#### Required work:
From the first line to the last, copy the material word for word; pictures stay out.

── Records for this exercise ──

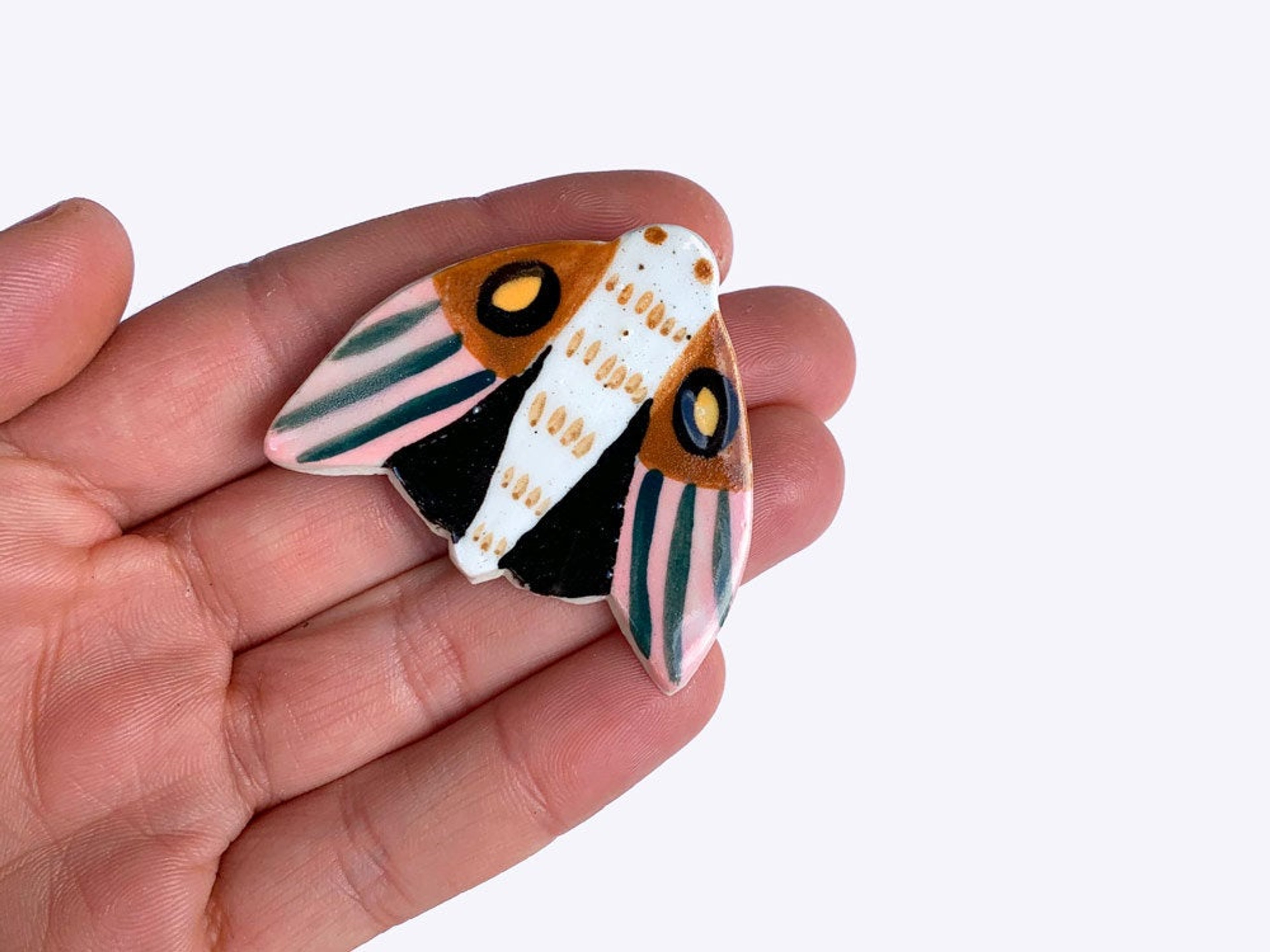 手作りのブローチはセラミック製で、あなたの装いに彩りを添えます。裏面にはシルバーの金属製の留め具が付いています。陶器はすべて手作業で作られているため、形や色が写真と若干異なる場合があります。
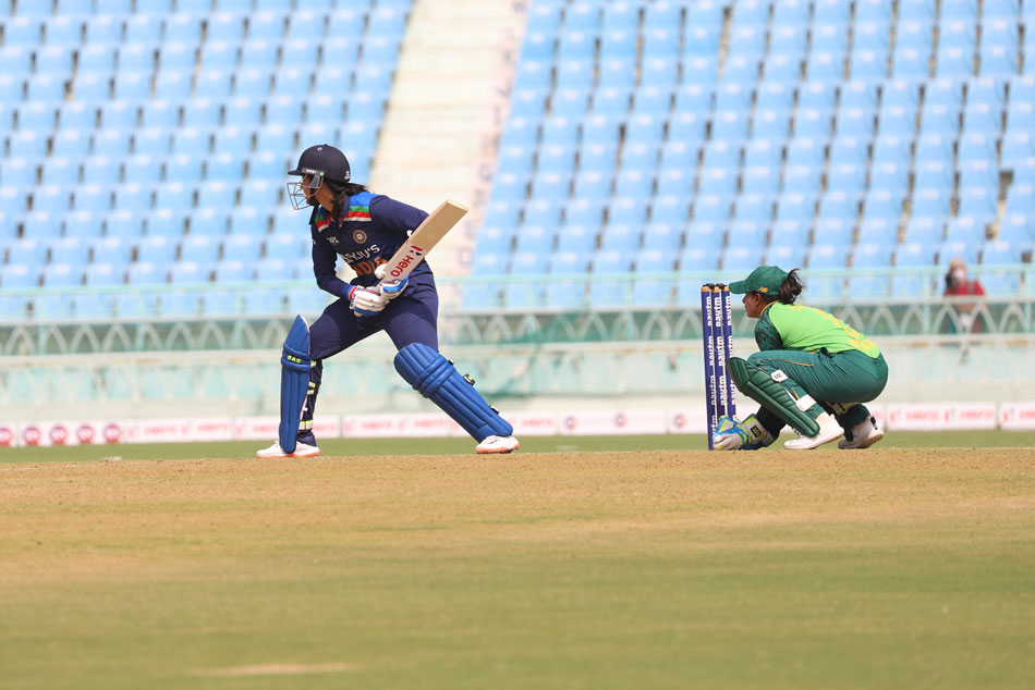 అనంతరం స్వల్ప లక్ష్య ఛేదనలో ఓపెనర్ స్మృతి మంధాన (80 నాటౌట్; 64 బంతుల్లో 10×4, 3×6) అద్భుత హాఫ్ సెంచరీతో అదరగొట్టింది. పూనమ్ రౌత్ (62 నాటౌట్; 89 బంతుల్లో 8×4) కీలక ఇన్నింగ్స్ ఆడటంతో భారత్ 28.4 ఓవర్లలోనే వికెట్ మాత్రమే కోల్పోయి లక్ష్యాన్ని ఛేదించింది. ఓపెనర్ జెమిమా రోడ్రిగ్స్ (9) త్వరగానే పెవిలియన్ చేరినా.. మంధాన, పూనమ్ మరో వికెట్ పడకుండా ఆడుతూ సునాయాస విజయాన్ని కట్టబెట్టారు. ఇద్దరూ ఆడుతూ పాడుతూ లక్ష్యాన్ని ఛేదించారు. ప్రొటీస్ పేసర్ షబ్నిమ్ ఇస్మాయిల్ ఒక వికెట్ తీసింది.
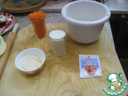 Муку отмерить, просеять вместе с разрыхлителем. Морковь натереть на средней терке. Масло растопить.
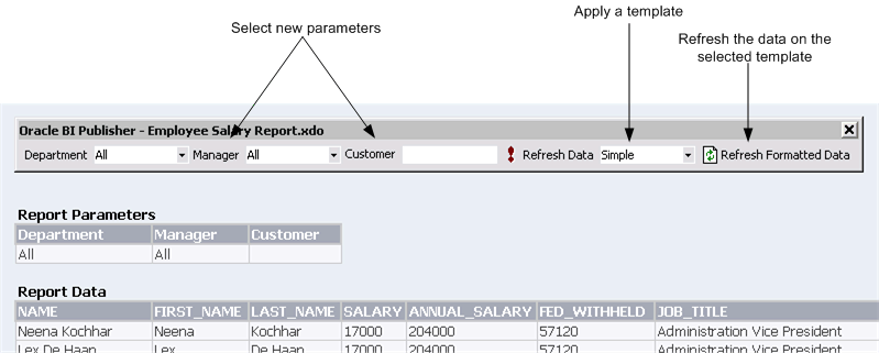 If the report has parameters, the parameter names will appear at the top of the sheet, but you must log in to apply new parameter values. See Using the Oracle BI Publisher Menu.
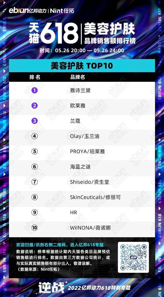 根据前4小时预售数据,美容护肤品依然是“亿元俱乐部”代表,上榜的10个品牌包括雅诗兰黛、欧莱雅、兰蔻、玉兰油、珀莱雅、海蓝之谜、资生堂、修丽可、HR、薇诺娜,预估销售额均超过亿元,不过品牌最高销售额没有超过去年同期,TOP10整体销售额微增。
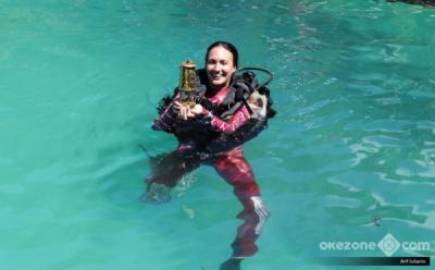 Nadine Chandrawinata Berenang Sambil Bawa Obor Asian Games 2018 di Perairan Raja Ampat

───

#### Task solution:
 手作りのブローチはセラミック製で、あなたの装いに彩りを添えます。裏面にはシルバーの金属製の留め具が付いています。陶器はすべて手作業で作られているため、形や色が写真と若干異なる場合があります。
 అనంతరం స్వల్ప లక్ష్య ఛేదనలో ఓపెనర్ స్మృతి మంధాన (80 నాటౌట్; 64 బంతుల్లో 10×4, 3×6) అద్భుత హాఫ్ సెంచరీతో అదరగొట్టింది. పూనమ్ రౌత్ (62 నాటౌట్; 89 బంతుల్లో 8×4) కీలక ఇన్నింగ్స్ ఆడటంతో భారత్ 28.4 ఓవర్లలోనే వికెట్ మాత్రమే కోల్పోయి లక్ష్యాన్ని ఛేదించింది. ఓపెనర్ జెమిమా రోడ్రిగ్స్ (9) త్వరగానే పెవిలియన్ చేరినా.. మంధాన, పూనమ్ మరో వికెట్ పడకుండా ఆడుతూ సునాయాస విజయాన్ని కట్టబెట్టారు. ఇద్దరూ ఆడుతూ పాడుతూ లక్ష్యాన్ని ఛేదించారు. ప్రొటీస్ పేసర్ షబ్నిమ్ ఇస్మాయిల్ ఒక వికెట్ తీసింది.
 Муку отмерить, просеять вместе с разрыхлителем. Морковь натереть на средней терке. Масло растопить.
 If the report has parameters, the parameter names will appear at the top of the sheet, but you must log in to apply new parameter values. See Using the Oracle BI Publisher Menu.
 根据前4小时预售数据,美容护肤品依然是“亿元俱乐部”代表,上榜的10个品牌包括雅诗兰黛、欧莱雅、兰蔻、玉兰油、珀莱雅、海蓝之谜、资生堂、修丽可、HR、薇诺娜,预估销售额均超过亿元,不过品牌最高销售额没有超过去年同期,TOP10整体销售额微增。
 Nadine Chandrawinata Berenang Sambil Bawa Obor Asian Games 2018 di Perairan Raja Ampat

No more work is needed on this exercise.